De genoemde omstandigheden konden dan ook niet afdoen aan de gehoudenheid van eiseres als werkgever om voldoende en adequate re-integratie-inspanningen in het tweede spoor te verrichten.
9. Gelet op het voorgaande onderschrijft de rechtbank de conclusie van verweerder, dat eiseres onvoldoende re-integratie-inspanningen heeft verricht in spoor 2. Verweerder heeft dan ook terecht een loonsanctie opgelegd.
10. Het beroep is ongegrond.

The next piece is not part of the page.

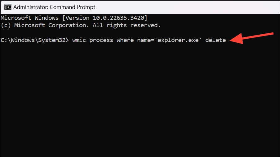Replace 'processname.exe' with the actual name of the process (including the single quotes). For example, to terminate File Explorer, use: wmic process where name='explorer.exe' call terminate

Voor een proceskostenveroordeling bestaat geen aanleiding

Beslissing

De rechtbank verklaart het beroep ongegrond.
Deze uitspraak is gedaan door mr. J.W. Veenendaal, voorzitter, mr. R.C. Stijnen en
mr. M.E.A. Braeken, leden, in aanwezigheid van mr. M.S.D. de Weerd, griffier. De beslissing is in het openbaar uitgesproken op 4 juli 2017.
griffier voorzitter
Afschrift verzonden aan partijen op:

Rechtsmiddel

Tegen deze uitspraak kan binnen zes weken na de dag van verzending daarvan hoger beroep worden ingesteld bij de Centrale Raad van Beroep. Als hoger beroep is ingesteld, kan bij de voorzieningenrechter van de hogerberoepsrechter worden verzocht om het treffen van een voorlopige voorziening of om het opheffen of wijzigen van een bij deze uitspraak getroffen voorlopige voorziening.